## EXTRACTED RECORDS
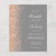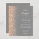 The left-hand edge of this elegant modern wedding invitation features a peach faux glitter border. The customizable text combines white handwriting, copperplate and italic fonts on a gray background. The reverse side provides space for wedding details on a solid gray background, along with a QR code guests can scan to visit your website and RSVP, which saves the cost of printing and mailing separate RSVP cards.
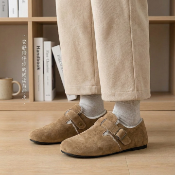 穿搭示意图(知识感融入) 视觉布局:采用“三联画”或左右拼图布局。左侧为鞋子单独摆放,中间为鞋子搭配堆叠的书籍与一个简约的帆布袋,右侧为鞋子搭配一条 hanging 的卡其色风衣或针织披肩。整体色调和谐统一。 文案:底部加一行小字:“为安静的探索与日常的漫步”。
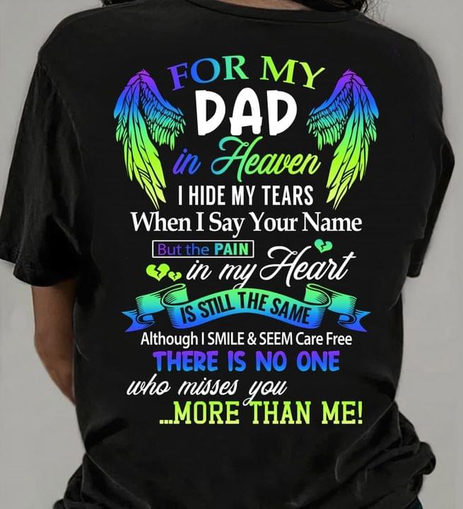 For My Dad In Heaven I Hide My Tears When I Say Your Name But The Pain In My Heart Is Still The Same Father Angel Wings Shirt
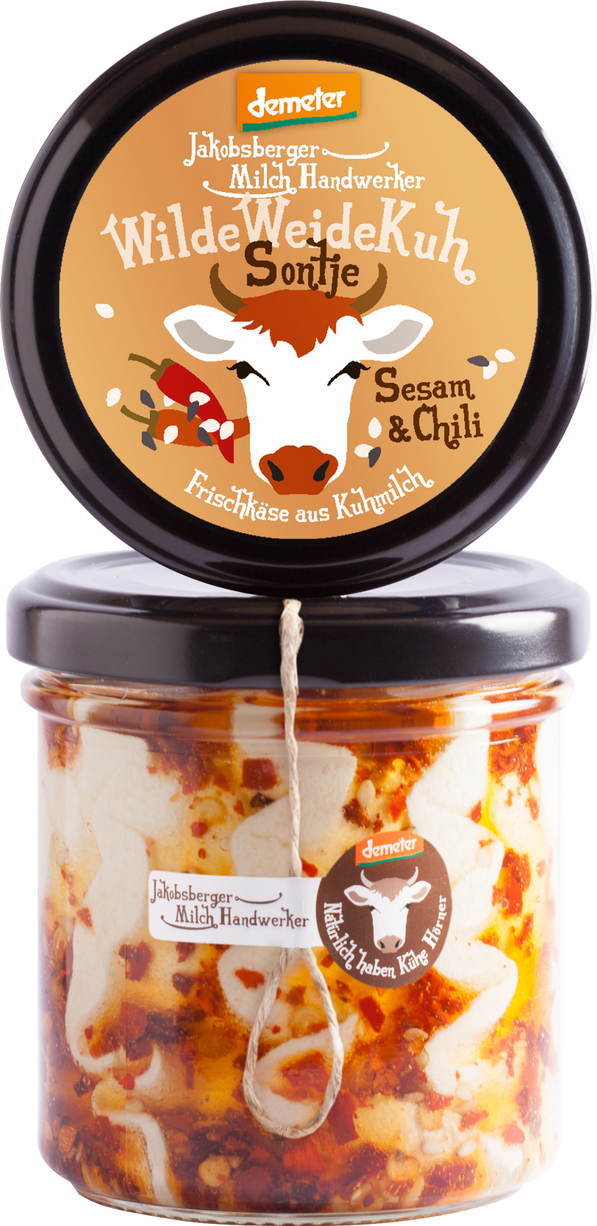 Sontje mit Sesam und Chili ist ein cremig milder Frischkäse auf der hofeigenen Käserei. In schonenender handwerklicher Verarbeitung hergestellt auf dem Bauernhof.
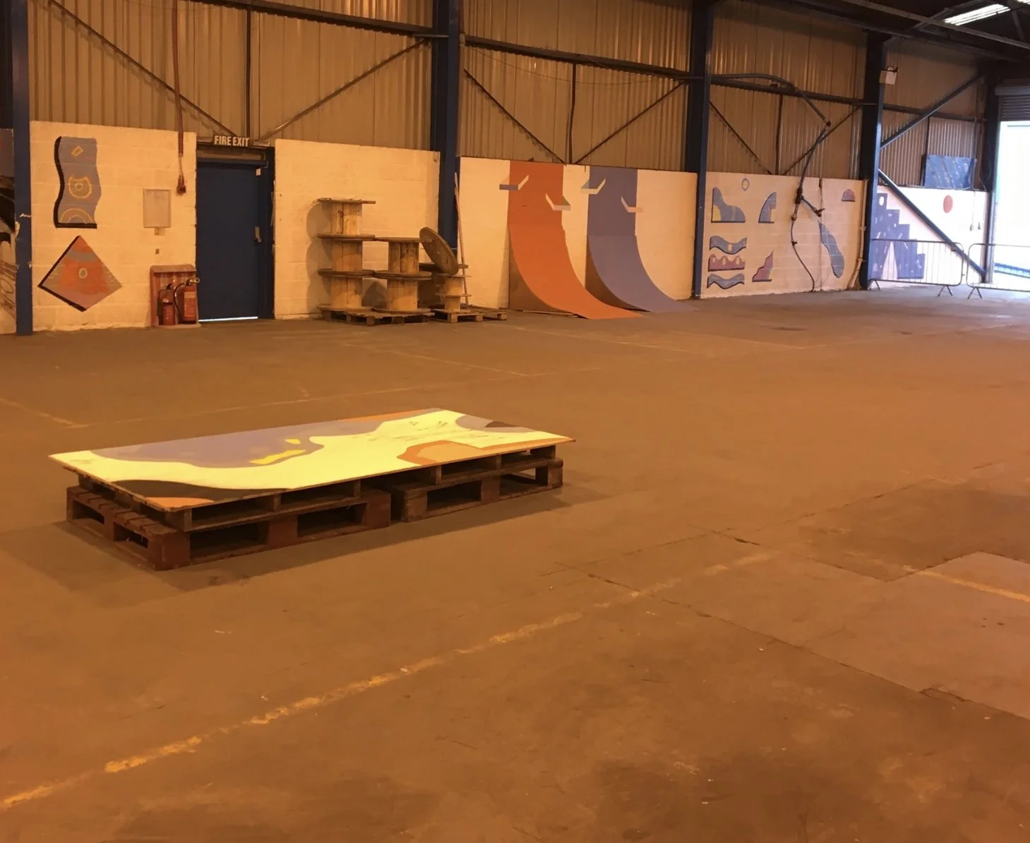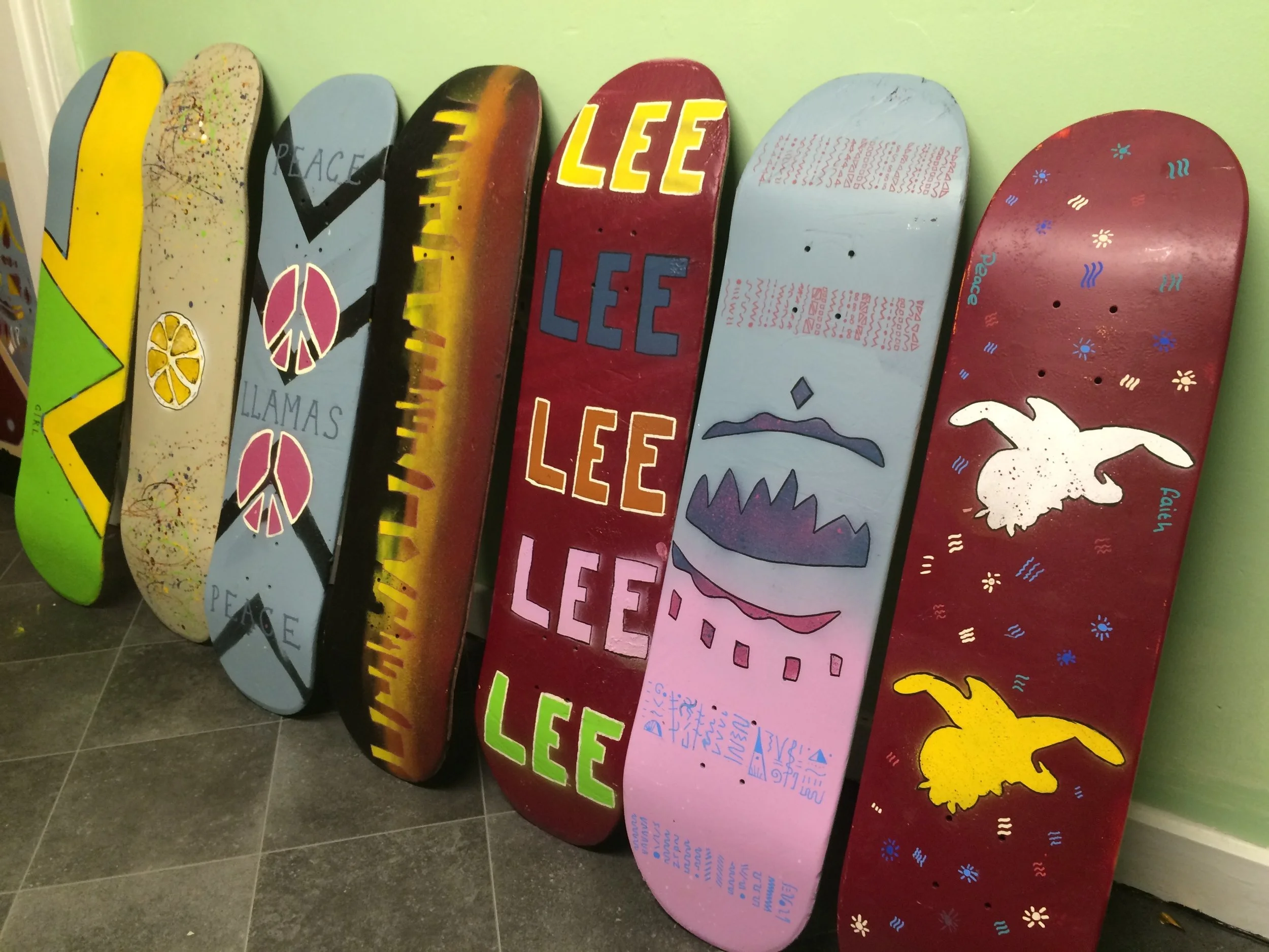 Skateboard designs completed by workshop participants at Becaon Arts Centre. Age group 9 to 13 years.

---

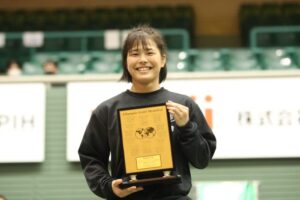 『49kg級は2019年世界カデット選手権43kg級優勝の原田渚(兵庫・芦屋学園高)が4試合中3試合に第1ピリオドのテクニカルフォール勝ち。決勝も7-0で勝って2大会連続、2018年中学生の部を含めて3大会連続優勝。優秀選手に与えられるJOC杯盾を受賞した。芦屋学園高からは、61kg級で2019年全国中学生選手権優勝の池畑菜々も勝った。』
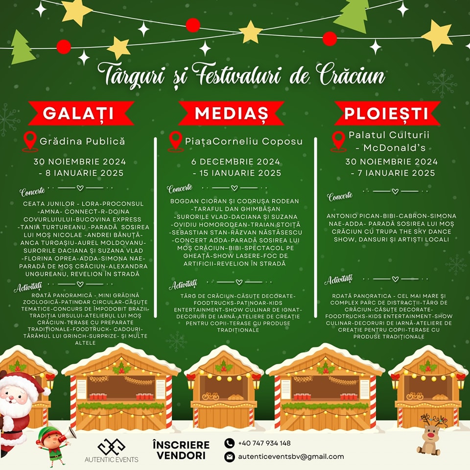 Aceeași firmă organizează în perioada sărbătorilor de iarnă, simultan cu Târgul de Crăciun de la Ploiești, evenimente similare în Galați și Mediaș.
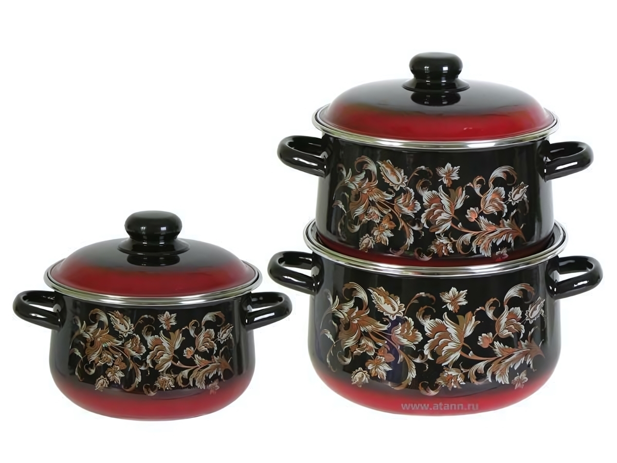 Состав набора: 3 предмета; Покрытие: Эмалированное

## PROMPT
Without the pictures, set down the lines above from the line with "Aceeași firmă organizează" up to and including the line with "Состав набора: 3" exactly as they stand.

## OUTPUT OF THE EXERCISE
 Aceeași firmă organizează în perioada sărbătorilor de iarnă, simultan cu Târgul de Crăciun de la Ploiești, evenimente similare în Galați și Mediaș.
 Состав набора: 3 предмета; Покрытие: Эмалированное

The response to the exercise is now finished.